На письме как будто он забыл этот язык и теперь мучительно вспоминает и заново пытается его учить.
И он подбирает слова, которые не притираются друг к другу. Это, по его собственному определению, «блуждающие слова» (wandernde Worte).
Так вот, когда он читает, как будто старается поскорее избавиться от написанного. В скоростном режиме скороговорки, совершенно не признавая собственной графики, разбивки строк, сливая и соединяя, переводя разреженную паузами стихоречь в длинные периоды. Так звучит даже «Todesfuge». Tолько в самом конце фуги он замедляет темп.
–Особенно ярко проявляется такая демонстрация в чтении цикла «Engführung», состоящем из девяти частей. Известно, что Целан был близок к сюрреалистам и использовал сюрреалистическую технику. Похоже, что именно такое сомнамбулическое вырывание из забывания выводило его из письма в говорение. Как бы стирая написанное им самим.

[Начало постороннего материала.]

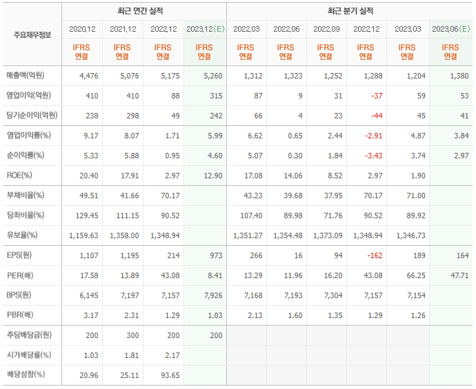 2022년 매출은 5175억, 영업이익은 88억, 당기순이익은 49억입니다. 그리고 영업이익률은 1.71%입니다.
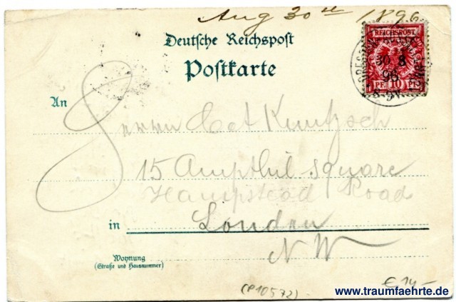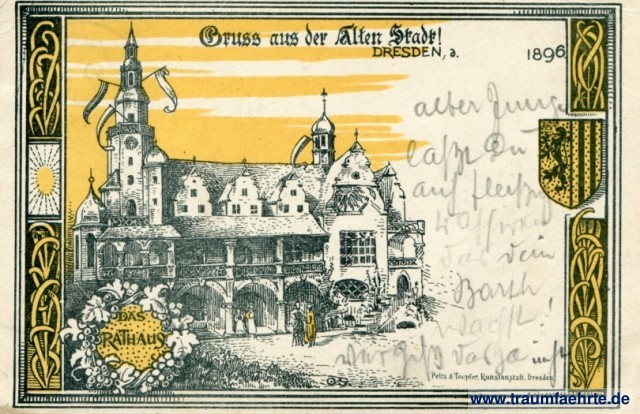– Details – Jahr: 1896 Status: gelaufen 1896 Beschriftung vorne: Gruss aus der Alten Stadt! Dresden, a. ... 1896, Das Rathaus, Peitz & Toepfer, Kunstanstalt, Dresden. Beschriftung hinten: Deutsche Reichspost, Postkarte, An ... in ... Wohnung (Straße und Hausnummer) ... Stempel: Dresden-Ausstellung, 30 8 96, 8-9V Hinweis:
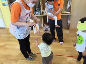絵本の後は動物のカードをみたりあいさつのカードをみたのですが

Это пепел, написанный пеплом поверх пепла.
Без пояснений.
Halle, 20.11.20
ЧАРЛЬЗ БЕРНСТИН
(Манхеттен – Бруклин)
поэт, переводчик, исследователь
Paul Celan
TODTNAUBERG
Arnica, hold-in-trust, tear
Trump out dim Bruise admit dim
Stern waffled drought,
indigo
Hut,
—die in that Bush
—lesson Naming nouns off
where dim mines men—
die in die’s book
gust’s ribbons fail one
I’m an huff-none, hurt
Oaf I’m a dunken den
commends
Wart
in heart’s end
World-wizened, uneyed and bent
Arc is un-arc is, eye’s realm,
Crude, spatter in führer
Deutsche light,
Tears a fog, dear Mensch,
dares admit abort
die halved
beschmuddled Cudgel
fade in Hock’s moor
Folded,
veil.
[Прослушать авторское чтение этого текста можно здесь.]
ИВАН СОКОЛОВ
(Санкт-Петербург – Беркли)
поэт, переводчик, исследователь
Пауль Целан
ТОДТНАУБЕРГ
Арника, август роз, дыр
треньк, ссадина-бронь идей,
звездь-вырвань трав,
из дыр —
Гёте,
день и разбух
— вёсен, нем и Немцо́в
(…Вор дыханий?..) —
тень и раз — звук:
Йерушалаима цапли: фон-
арей гаванью гнёт,
а фоноэстетикой дня —
гомон се-
рдцо́в:
и Герцено-
ва листва не ингибирует-
ся-бры ведь со́-бра́ты!, нецельно,
грудишься из потерь, их фары
довлеют,
дыры нам фора, дырою немеешь,
дыр смерть — анахореет,
дыхал бы —
без череды накоплений —
падаем хорохором:
Фихте с-
бил.
ПОЛИНА БАРСКОВА
(Ленинград – Беркли – Амхерст)
поэтесса, исследовательница, переводчица
Зачем нам сегодня нужен Целан? Кто мы с ним друг другу? Целан научил себя говорить заново на своем языке — в полной уверенности в невозможности, в неверности своего языка, осознав, что это язык на измене. Что это не только пленительный, прельщающий, меняющийся, манкий язык мыслeтворчества, но язык тех, кто навсегда, на муку, на немоту забирает у тебя твоих родителей, отправляет их в лагерь. Будучи полиглотом, Целан все же совершил выбор: остаться со своим и уже не своим языком для того, чтобы изучить, освоить подобного рода «отношения»: между субъектом и языковой средой, которая не столько со/держит, сколько отвращает.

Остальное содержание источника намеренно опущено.